- Type: Anti-tank mine
- Place of origin: Egypt

Service history
- Used by: United Kingdom and Commonwealth
- Wars: World War II

Specifications
- Mass: 8.5lb(3.86kg)
- Height: 3.25in(8.255cm)
- Diameter: 8in(20.32cm)
- Filling: TNT
- Filling weight: 4.5lb(2.04kg)

= A.T. Mine E.P. Mark VI =

The A.T. Mine E.P.(Egyptian pattern) Mark VI was a World War II anti-tank mine.

== Design ==
This mine is always said to be in the shape of a mushroom. This is true for this particular mine in terms of the mine resembling an upper part of a mushroom being a lot more flat on top and far less curved and using more straight lines. This mine has a cover which is attached to the mine through three pins which engage with slots in the retaining straps of the mine.
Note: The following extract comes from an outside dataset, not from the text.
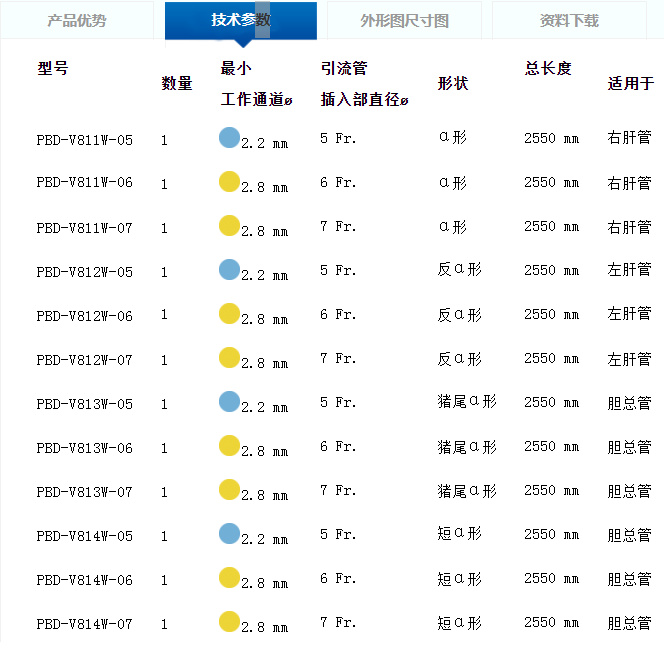 产品规格:本产品为一次性使用产品,小工作通道2.2 mm,引流管插入部外径5 Fr.,形状α形,

The mine was detonated on contact with a vehicle by the pressure applied when the vehicle goes over the mine making the mine striker go through shear wire after which the striker spring makes the striker go inside the percussion cap which detonates the mine. To arm the mine take off the cover and place it where you want it for your defence and then put in the fuze and remove the safety pin from the safety pin hole in the striker and then put the cover back and then it is armed. To make it safe just do the opposite take off the cover then take out the fuze and reinsert the safety pin and then put back on the cover and then the mine is safe.

== Service ==
In service this mine was capable of blowing the tracks off medium and light tanks and severely damaging lesser armoured vehicles. The mine's Egyptian origin (E.P. being Egyptian pattern) shows it was mainly used by British and commonwealth forces during the North African campaign.